I don't know if that's true that it's an abuse of their position. Here's the paragraph from their policies:

> Sites showing Google ads should be easy for users to navigate. Sites may not change user preferences, redirect users to unwanted websites, initiate downloads, include malware or contain pop-ups or pop-unders that interfere with site navigation.

That all seems reasonable to me. They don't want to be associated with garbage websites.

> or contain pop-ups or pop-unders that interfere with site navigation.

Then..

Google on "AdSense Page-level ads"

> We don't count them as "advertisements" when evaluating your site for compliance with our valuable inventory policy. https://support.google.com/adsense/answer/6245304?hl=en

Yes, these ads are not ads compared to other ads: we profit from these.

And my personal opinion is that this kind of thing is exactly what G should be doing with their market position.

No consumer, anywhere, in the history of ever, has wanted things to pop under their browser window stealthily. As such, G abusing their position to hurt companies that do it is a good thing. Those companies should be hurt, and preferably die a terrible, terrible death.

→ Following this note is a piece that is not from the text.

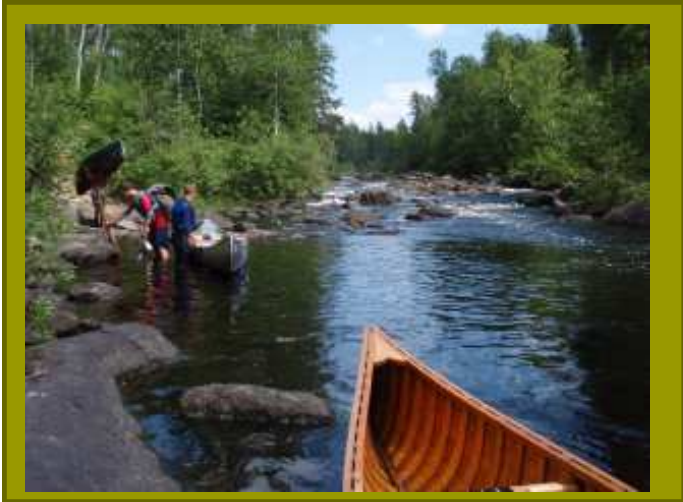
Aaaahh, the end of the portage

If and when G uses their market dominant position to do something which hurts consumers, then things should be investigated. But an action like this, which has no negative consequences for users, should be applauded.

Google AdSense already has a bunch of requirements in place for sites that want to run their ads -- content restrictions, restrictions on traffic sources, limits on the number of ad units on the page (including ads from other networks), etc. Many of these restrictions are in place because Google's advertisers won't want to run their ads on pages that don't meet those requirements, and Google's new limitations on popunder ads probably fall into that category as well.